Exercise requirements
Print the listing from its top line through the line containing "Dámské Dlouhé šaty", nothing more, and leave out the pictures.

(Supplied material begins)

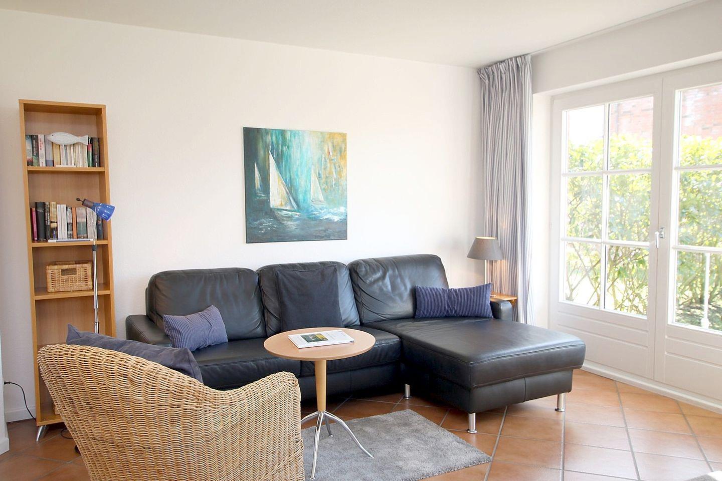 Die hellen 3-Zimmer-dieser Nichtraucher- Ferienwohnung verteilen sich auf ca.60 qm im Erdgeschoß mit toller Südwestterrasse und kleinem Gartenanteil. Das WOHNZIMMER ist ausgestattet mit einem gemütlichen Zweisitzer Sofa, zwei Sesseln und einem Couchtisch. Vom Wohnzimmer haben Sie einen direkten Zugang zur Terrasse mit Strandkorb (Saison von Mai - Mitte Oktober) und Gartenmöbeln.
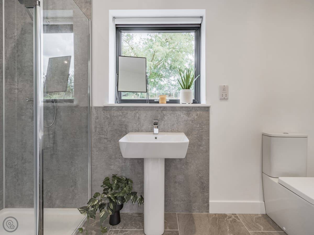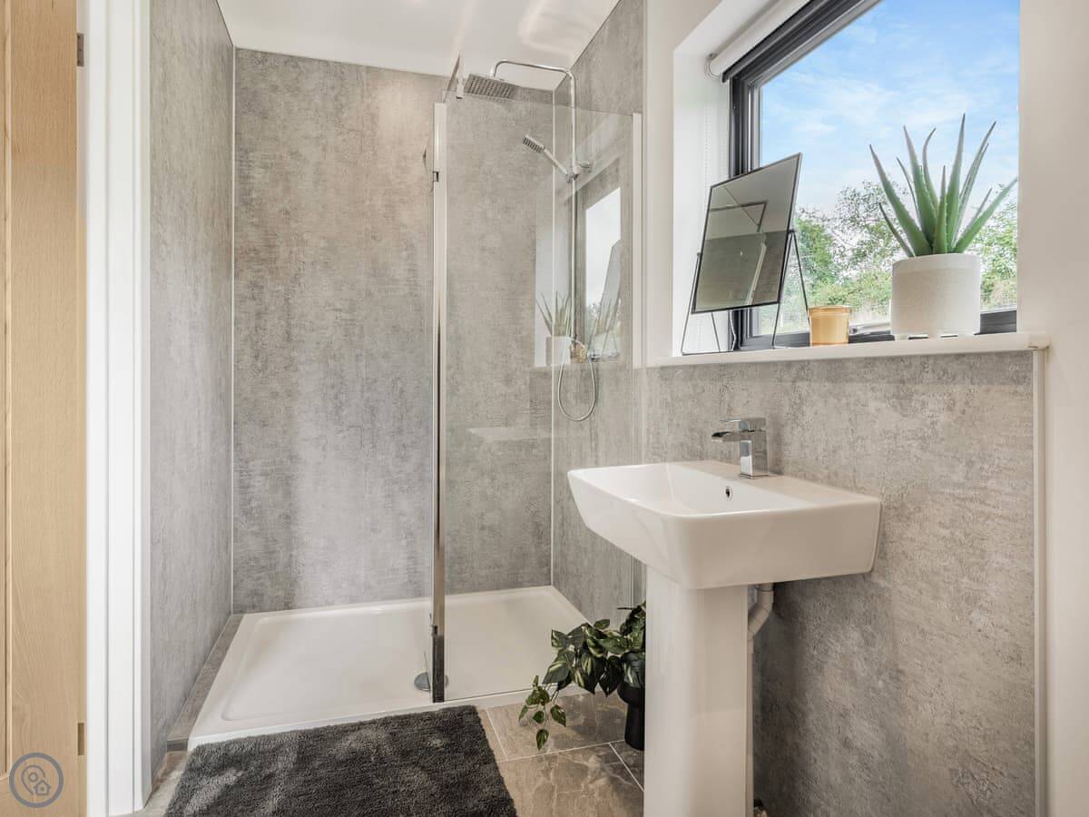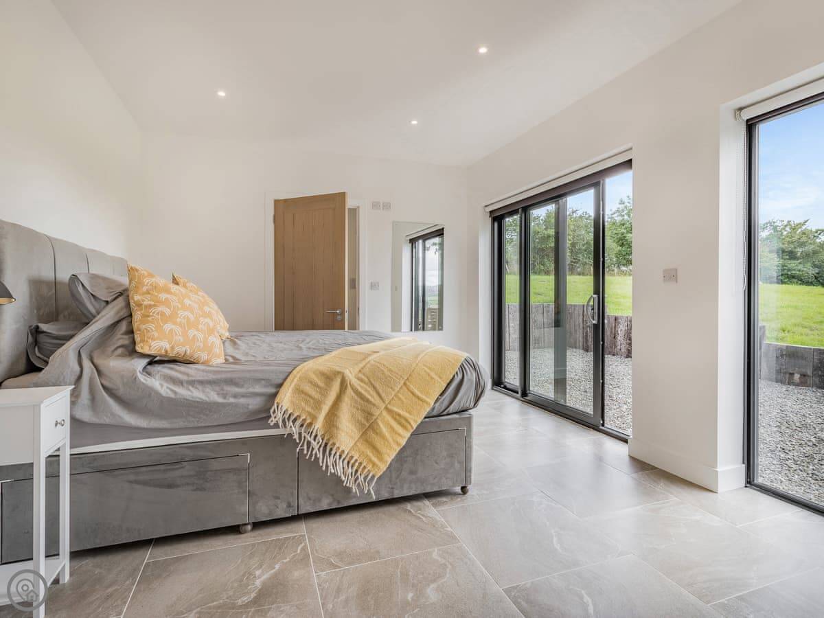 The whole place is on one level, which is good for accessibility. It's an eco build, so it's off-grid. Don't worry, you've got power and hot water. It's just done efficiently. There's underfloor heating throughout.
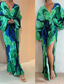 Dámské Dlouhé šaty Maxi šaty Koktejlky Šifonové šaty Ruched šaty Módní Párty Čajový dýchánek Jdeme ven Běžný Květiny Dlouhý rukáv Do V Trávová zelená Léto
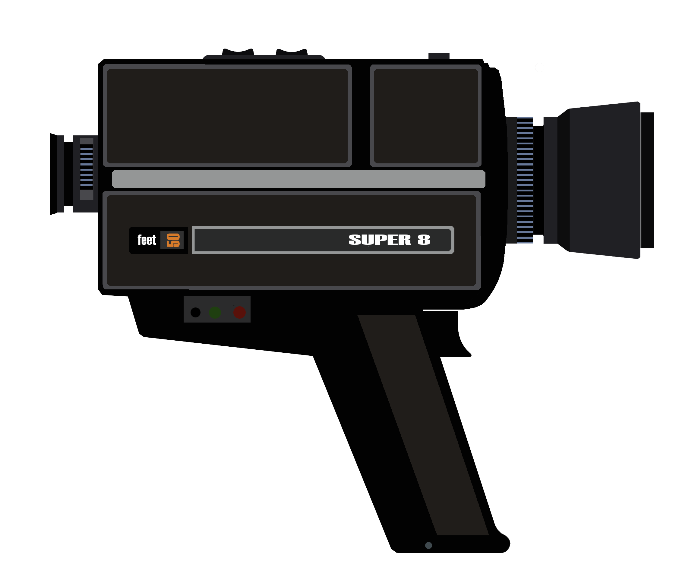 This graphic represents the family Super 8 'Home Movie' camera from the mid 1970s.

(Supplied material ends)

Answer to this task
 Die hellen 3-Zimmer-dieser Nichtraucher- Ferienwohnung verteilen sich auf ca.60 qm im Erdgeschoß mit toller Südwestterrasse und kleinem Gartenanteil. Das WOHNZIMMER ist ausgestattet mit einem gemütlichen Zweisitzer Sofa, zwei Sesseln und einem Couchtisch. Vom Wohnzimmer haben Sie einen direkten Zugang zur Terrasse mit Strandkorb (Saison von Mai - Mitte Oktober) und Gartenmöbeln.
 The whole place is on one level, which is good for accessibility. It's an eco build, so it's off-grid. Don't worry, you've got power and hot water. It's just done efficiently. There's underfloor heating throughout.
 Dámské Dlouhé šaty Maxi šaty Koktejlky Šifonové šaty Ruched šaty Módní Párty Čajový dýchánek Jdeme ven Běžný Květiny Dlouhý rukáv Do V Trávová zelená Léto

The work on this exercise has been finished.